[Entries taken from a collection]
-.-.-

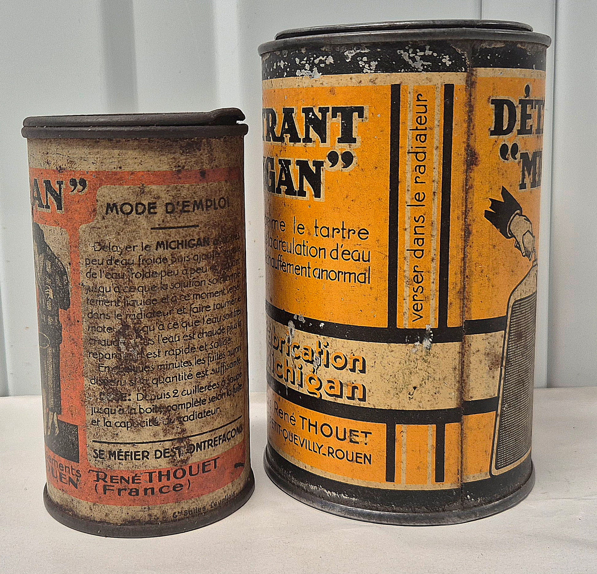 Joli lot de 2 dosettes Michigan, belle illustration avec une automobile et une femme sur la plus petite, et avec un radiateur sur la dosette "détartrant Michigan", bon état général pour les 2.
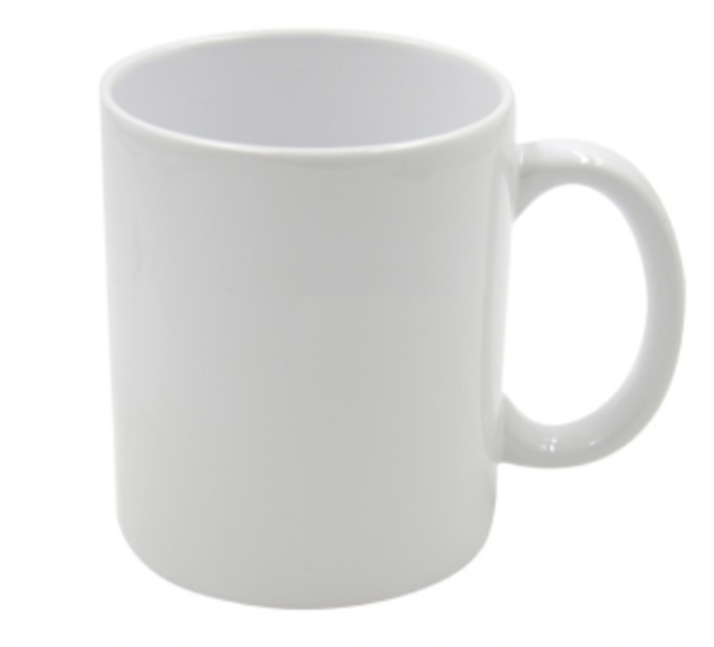 Subli-Print® keramische mok Classic met C-vormig handvat en een wit glanzend oppervlak. De diameter van de 11 oz keramische mok is ca. 80 mm, de hoogte ca. 96 mm.
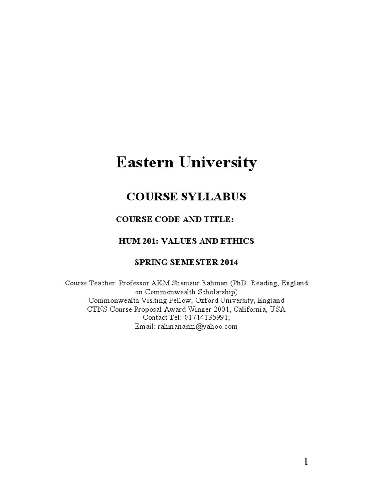 Eastern University Course Syllabus PDF Value (Ethics) Morality
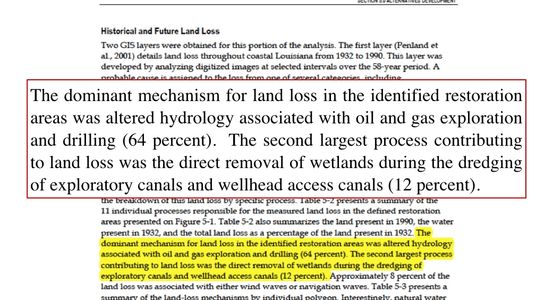 At least 34 scientific studies, including studies done by the oil and gas industry itself and dating back as far as 1971, conclude that oil and gas activities contributed to Louisiana’s coastal land loss. In 1985 a study commissioned by Louisiana Mid-Continental Oil and Gas Association concluded that oil and gas activities contributed to coastal land loss. The other studies were conducted by the likes of US Army Corps of Engineers, National Oceanic and Atmospheric Administration, Louisiana Geological Survey, LSU Center for Wetland Resources, Louisiana Coastal Restoration and Protection Authority, and a number of other federal agencies and private engineering firms. Many of the studies concluded that the majority of the land loss in some areas, as much as 80%, is due to oil and gas activities.
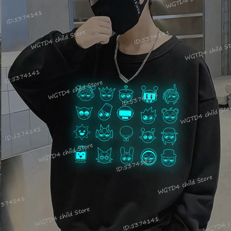 Funny Sprunki Boys Girls Luminous Pullover Horror Games Sweatshirt Fashion Sprunki Lovers Y2K Sudadera Cartoon Kids Clothing
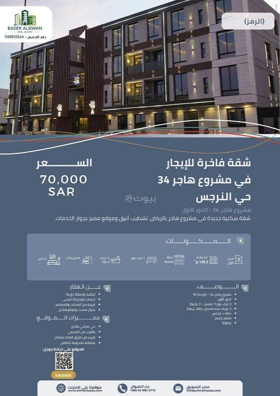 If you are looking for a comfortable and spacious living environment in Riyadh, this apartment in Al-Narjis is an excellent choice. Don't miss this opportunity, contact us today to schedule a viewing and explore all that this property has to offer.
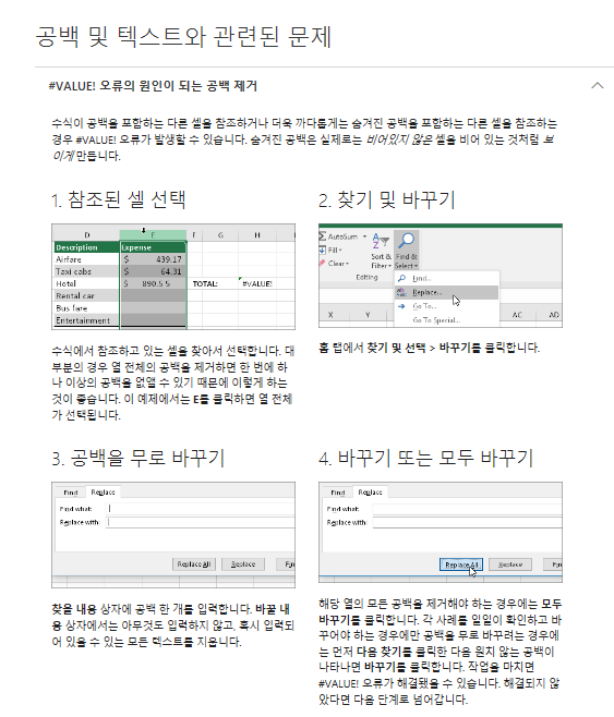 수식이 공백을 포함하는 다른셀을 참조하거나, 더욱 까다롭게는 숨겨진 공백을 포함하는 다른셀을 참조하는경우 #VALUE!오류가 발생할수 있습니다.
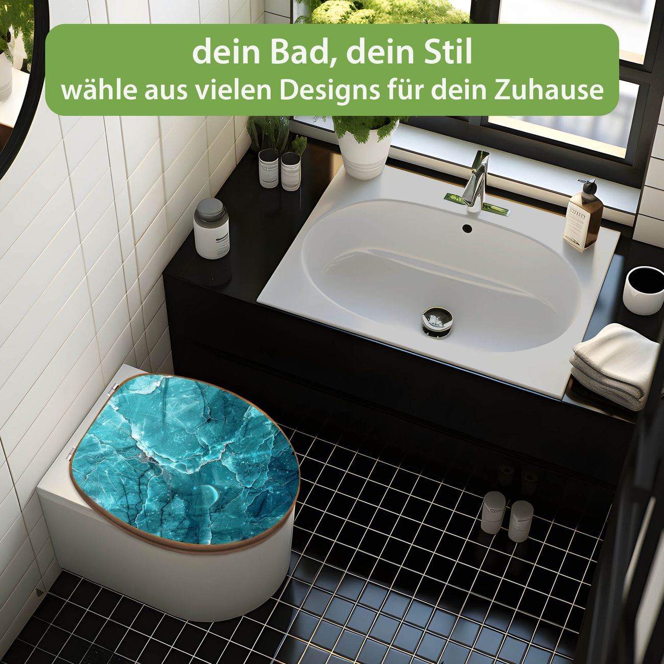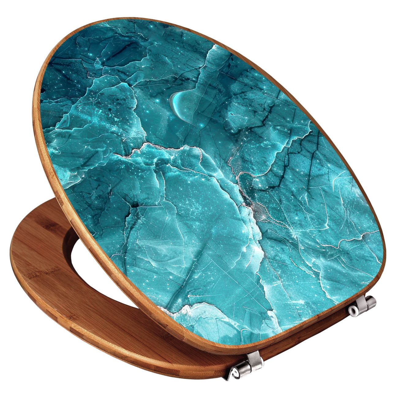 Design WC-Sitz Bambus Holz Motiv Türkiser Marmor
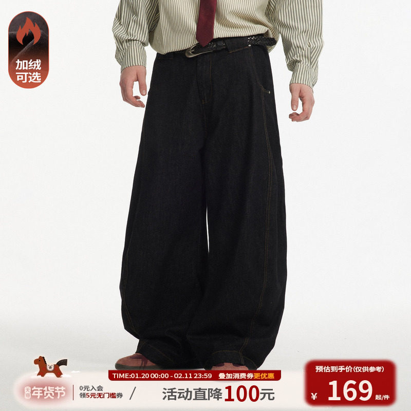 老爷车牛仔裤男专柜正品2025秋冬新款冬季加绒宽松香港男士直筒裤
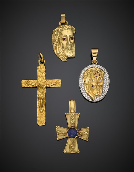 Yellow gold lot comprising four holy symbols accented with diamonds, rubies and a reconstructed lapis, in all g 50.00. (slight defects)
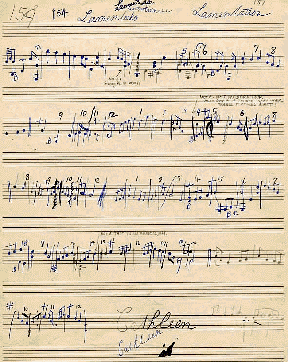 Ann Heymann's "artistic" rendering of the first of two pages containing Scott's Lamentation in Bunting's original notebook, MS 29. Ann used two different colored pens and a pencil to maintain the original's color integrity, and because of a misjudgement on her part she lengthened the sixth staff line to the left.
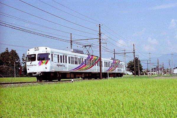 前回登場の元・東急青ガエル5000系老朽化の代替として登場したのがステンプラと 呼ばれた元・京王井の頭線3000系。今までは地味な車両ばかりの松本電鉄でしたが 当然クーラーが載り全車冷房化を達成。本家井の頭線では鉄の評判イマイチだった ぴったりマッチして松本電鉄ではナカナカの好評です。 アルプスの山々をバックに快走する「アルピコカラー」の電車は、とてもセコハンには 見えません。21世紀のモダン湘南フェースとも言えるかも知れませんね。 松本電鉄 新村〜三溝

-.-.-

Exercise:
Although the records above include pictures, the copy must contain only their exact text.

Response to this exercise:
 Joli lot de 2 dosettes Michigan, belle illustration avec une automobile et une femme sur la plus petite, et avec un radiateur sur la dosette "détartrant Michigan", bon état général pour les 2.
 Subli-Print® keramische mok Classic met C-vormig handvat en een wit glanzend oppervlak. De diameter van de 11 oz keramische mok is ca. 80 mm, de hoogte ca. 96 mm.
 Eastern University Course Syllabus PDF Value (Ethics) Morality
 At least 34 scientific studies, including studies done by the oil and gas industry itself and dating back as far as 1971, conclude that oil and gas activities contributed to Louisiana’s coastal land loss. In 1985 a study commissioned by Louisiana Mid-Continental Oil and Gas Association concluded that oil and gas activities contributed to coastal land loss. The other studies were conducted by the likes of US Army Corps of Engineers, National Oceanic and Atmospheric Administration, Louisiana Geological Survey, LSU Center for Wetland Resources, Louisiana Coastal Restoration and Protection Authority, and a number of other federal agencies and private engineering firms. Many of the studies concluded that the majority of the land loss in some areas, as much as 80%, is due to oil and gas activities.
 Funny Sprunki Boys Girls Luminous Pullover Horror Games Sweatshirt Fashion Sprunki Lovers Y2K Sudadera Cartoon Kids Clothing
 If you are looking for a comfortable and spacious living environment in Riyadh, this apartment in Al-Narjis is an excellent choice. Don't miss this opportunity, contact us today to schedule a viewing and explore all that this property has to offer.
 수식이 공백을 포함하는 다른셀을 참조하거나, 더욱 까다롭게는 숨겨진 공백을 포함하는 다른셀을 참조하는경우 #VALUE!오류가 발생할수 있습니다.
 Design WC-Sitz Bambus Holz Motiv Türkiser Marmor
 老爷车牛仔裤男专柜正品2025秋冬新款冬季加绒宽松香港男士直筒裤
 Yellow gold lot comprising four holy symbols accented with diamonds, rubies and a reconstructed lapis, in all g 50.00. (slight defects)
 Ann Heymann's "artistic" rendering of the first of two pages containing Scott's Lamentation in Bunting's original notebook, MS 29. Ann used two different colored pens and a pencil to maintain the original's color integrity, and because of a misjudgement on her part she lengthened the sixth staff line to the left.
 前回登場の元・東急青ガエル5000系老朽化の代替として登場したのがステンプラと 呼ばれた元・京王井の頭線3000系。今までは地味な車両ばかりの松本電鉄でしたが 当然クーラーが載り全車冷房化を達成。本家井の頭線では鉄の評判イマイチだった ぴったりマッチして松本電鉄ではナカナカの好評です。 アルプスの山々をバックに快走する「アルピコカラー」の電車は、とてもセコハンには 見えません。21世紀のモダン湘南フェースとも言えるかも知れませんね。 松本電鉄 新村〜三溝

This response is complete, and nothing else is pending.